Well, it seems like we’re all very much stuck on this conception of narrative which I know I certainly am having difficulty getting my head around (even after writing this post on narrative here). A lot of the questions in today’s symposium were surrounding narrative and how we should think about it. What I gathered from the discussion is that the idea of what constitutes a narrative is still evolving. We shouldn’t be reductive and say ‘only x and y’ are narratives because it can make us miss a lot of things. However, Adrian seemed to disagree with this and reiterate that everything other than cause-and-effect is a series of random events. He stated that narrative infers – the events are not accidental and it is all related. He said to think that we can ‘narrate’ our own lives is an anthropomorphic vision that occurs when we see ourselves as storytelling machines. We can narrate afterwards, but otherwise it’s just cause-and-effect.

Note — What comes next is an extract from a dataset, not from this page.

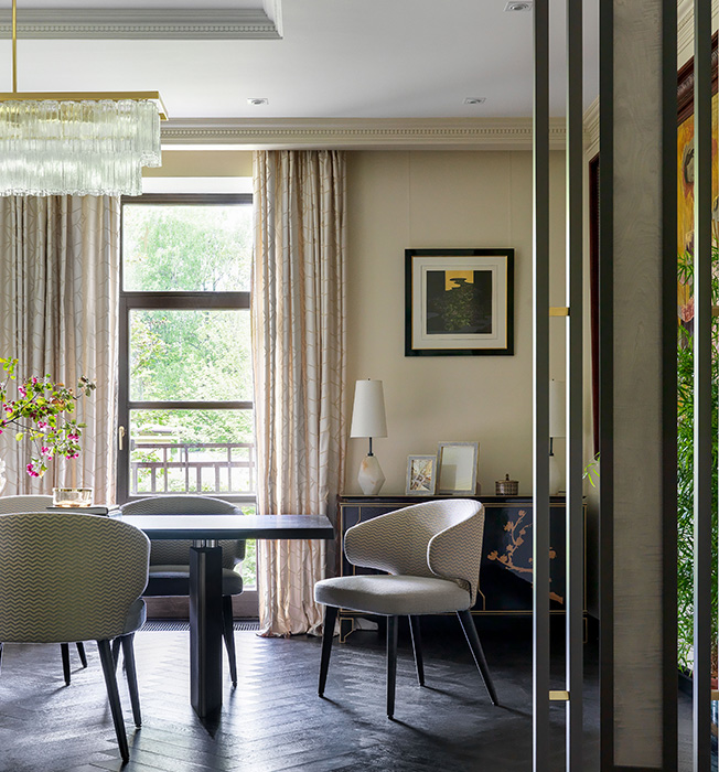 Гостиную дизайнеры отделили от столовой перегородками с вращающейся внутренней частью и вставкой из сикаморы. «Выбор тонировки отнял много времени, заказчица настаивала на темном оттенке, в конце концов мы нашли компромис: затонировали поверхность в два разных цвета, темно-коричневый и серый. Вращая полотно, цвет можно менять по настроению».

Next, we moved on to talk about interpretation and whether a filmmaker should try and control their audience’s interpretation of a work. Seth doesn’t like being told what to think and prefers the open structure. I agreed with what someone said about how it’s nice to be surprised, as opposed to constantly having your expectations met (this relates to the post I wrote on expectations here). Adrian pointed out that in language, everything only makes sense because of its relationship to everything else. When you look in a dictionary, a definition can only ever be described by other words. Things only meet something by virtue of the network of other things it finds itself in. So, therefore, as Ryan notes, “we can never be sure that sender and received have the same story in mind” because there is always a mismatch. Filmmakers cannot control interpretation: they have never been able to and they never will be able to. Adrian says that stories are a dance; meaning is a dance. I get the impression that Adrian likes to dance, in this sense.
We went on to talk more specifically about Korsakow and how it uses/rejects narrative. Adrian posed us the question – is Korsakow the right place to be telling a story? Ryan says her sixth criteria for identifying narrative is the notion of closure, but this isn’t necessarily possible in K-films because there’s not really an ending (unless you use an end SNU, which is somewhat counterproductive to the software). Adrian thinks that the viewer should find their own sense of closure/an end to a work by deciding if they want to leave it there, or leave and come back (which is why Korsakow has the interesting feature of the continue option when you open a K-film). K-films are not disposable, one-off works. They’re designed to be grazed at. For Adrian, closure is mechanical. It’s the last page. The last frame. The closing credits. He used the example of fan-fction as a way to show us that it’s not up to the author to decide where the end it. People will decide it for themselves. Story is not medium specific, but the telling of it is. And it’s the telling of a story that matters, not the story itself. It think that’s why I love the above photo so much.